(Task requirements): Look through the data below for the line with "昆明市公共资源交易中心发布西" and the line with "ਆਪ ਸਭ ਜੀ ਨੂੰ", then transcribe exactly from the first through the second, leaving out all pictures.

(Dataset content):
((

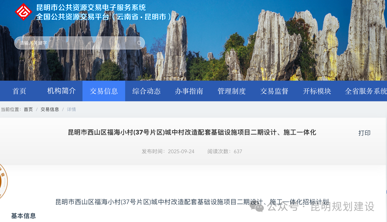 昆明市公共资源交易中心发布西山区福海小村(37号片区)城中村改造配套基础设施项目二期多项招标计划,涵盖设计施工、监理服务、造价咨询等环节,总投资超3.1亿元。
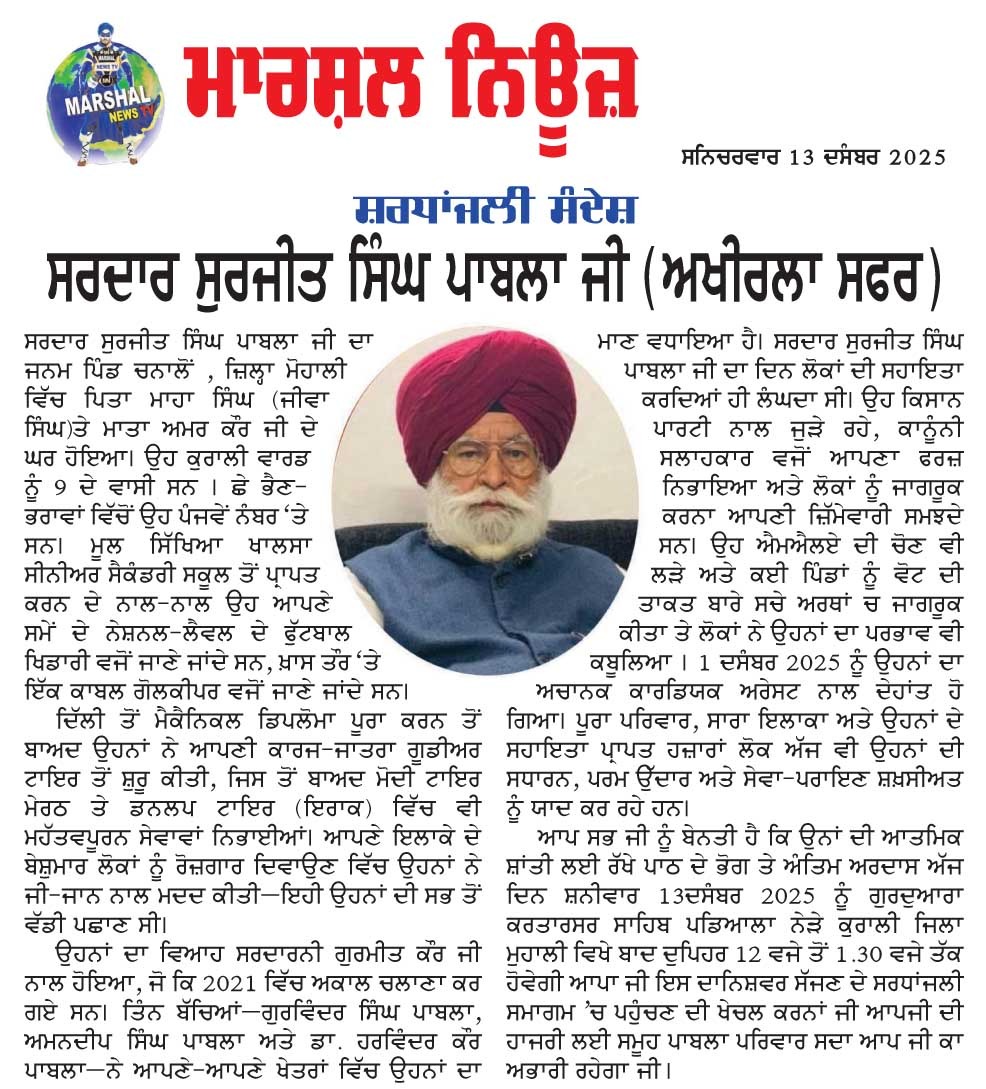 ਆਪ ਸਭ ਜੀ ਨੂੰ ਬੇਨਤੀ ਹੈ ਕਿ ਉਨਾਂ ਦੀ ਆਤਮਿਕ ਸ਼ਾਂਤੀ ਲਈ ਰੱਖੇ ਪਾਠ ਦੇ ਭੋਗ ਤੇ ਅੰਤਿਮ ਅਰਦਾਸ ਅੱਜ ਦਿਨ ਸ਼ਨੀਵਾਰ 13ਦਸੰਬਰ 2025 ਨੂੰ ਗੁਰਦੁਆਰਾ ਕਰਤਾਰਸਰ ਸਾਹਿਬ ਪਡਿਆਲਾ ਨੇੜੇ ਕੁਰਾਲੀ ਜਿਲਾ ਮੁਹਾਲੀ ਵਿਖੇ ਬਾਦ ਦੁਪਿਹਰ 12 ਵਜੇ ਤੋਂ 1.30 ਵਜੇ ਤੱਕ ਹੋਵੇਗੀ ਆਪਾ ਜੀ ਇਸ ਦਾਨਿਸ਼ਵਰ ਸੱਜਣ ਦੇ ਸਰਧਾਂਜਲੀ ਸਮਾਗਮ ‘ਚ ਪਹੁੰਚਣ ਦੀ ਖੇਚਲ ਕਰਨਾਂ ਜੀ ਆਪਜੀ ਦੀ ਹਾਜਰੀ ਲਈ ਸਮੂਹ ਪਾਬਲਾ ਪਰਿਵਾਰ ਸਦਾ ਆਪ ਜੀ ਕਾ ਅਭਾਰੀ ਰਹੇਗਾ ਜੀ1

))
((

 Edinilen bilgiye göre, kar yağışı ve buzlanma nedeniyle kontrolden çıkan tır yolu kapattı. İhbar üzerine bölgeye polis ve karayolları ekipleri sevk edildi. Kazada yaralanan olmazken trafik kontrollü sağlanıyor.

))
((

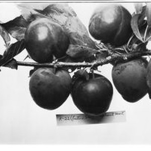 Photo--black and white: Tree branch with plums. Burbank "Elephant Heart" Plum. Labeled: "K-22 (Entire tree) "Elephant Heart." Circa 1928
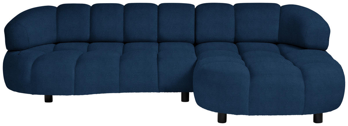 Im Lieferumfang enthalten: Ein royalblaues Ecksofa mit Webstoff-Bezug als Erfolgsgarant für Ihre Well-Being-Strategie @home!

))

(Exercise response):
 昆明市公共资源交易中心发布西山区福海小村(37号片区)城中村改造配套基础设施项目二期多项招标计划,涵盖设计施工、监理服务、造价咨询等环节,总投资超3.1亿元。
 ਆਪ ਸਭ ਜੀ ਨੂੰ ਬੇਨਤੀ ਹੈ ਕਿ ਉਨਾਂ ਦੀ ਆਤਮਿਕ ਸ਼ਾਂਤੀ ਲਈ ਰੱਖੇ ਪਾਠ ਦੇ ਭੋਗ ਤੇ ਅੰਤਿਮ ਅਰਦਾਸ ਅੱਜ ਦਿਨ ਸ਼ਨੀਵਾਰ 13ਦਸੰਬਰ 2025 ਨੂੰ ਗੁਰਦੁਆਰਾ ਕਰਤਾਰਸਰ ਸਾਹਿਬ ਪਡਿਆਲਾ ਨੇੜੇ ਕੁਰਾਲੀ ਜਿਲਾ ਮੁਹਾਲੀ ਵਿਖੇ ਬਾਦ ਦੁਪਿਹਰ 12 ਵਜੇ ਤੋਂ 1.30 ਵਜੇ ਤੱਕ ਹੋਵੇਗੀ ਆਪਾ ਜੀ ਇਸ ਦਾਨਿਸ਼ਵਰ ਸੱਜਣ ਦੇ ਸਰਧਾਂਜਲੀ ਸਮਾਗਮ ‘ਚ ਪਹੁੰਚਣ ਦੀ ਖੇਚਲ ਕਰਨਾਂ ਜੀ ਆਪਜੀ ਦੀ ਹਾਜਰੀ ਲਈ ਸਮੂਹ ਪਾਬਲਾ ਪਰਿਵਾਰ ਸਦਾ ਆਪ ਜੀ ਕਾ ਅਭਾਰੀ ਰਹੇਗਾ ਜੀ1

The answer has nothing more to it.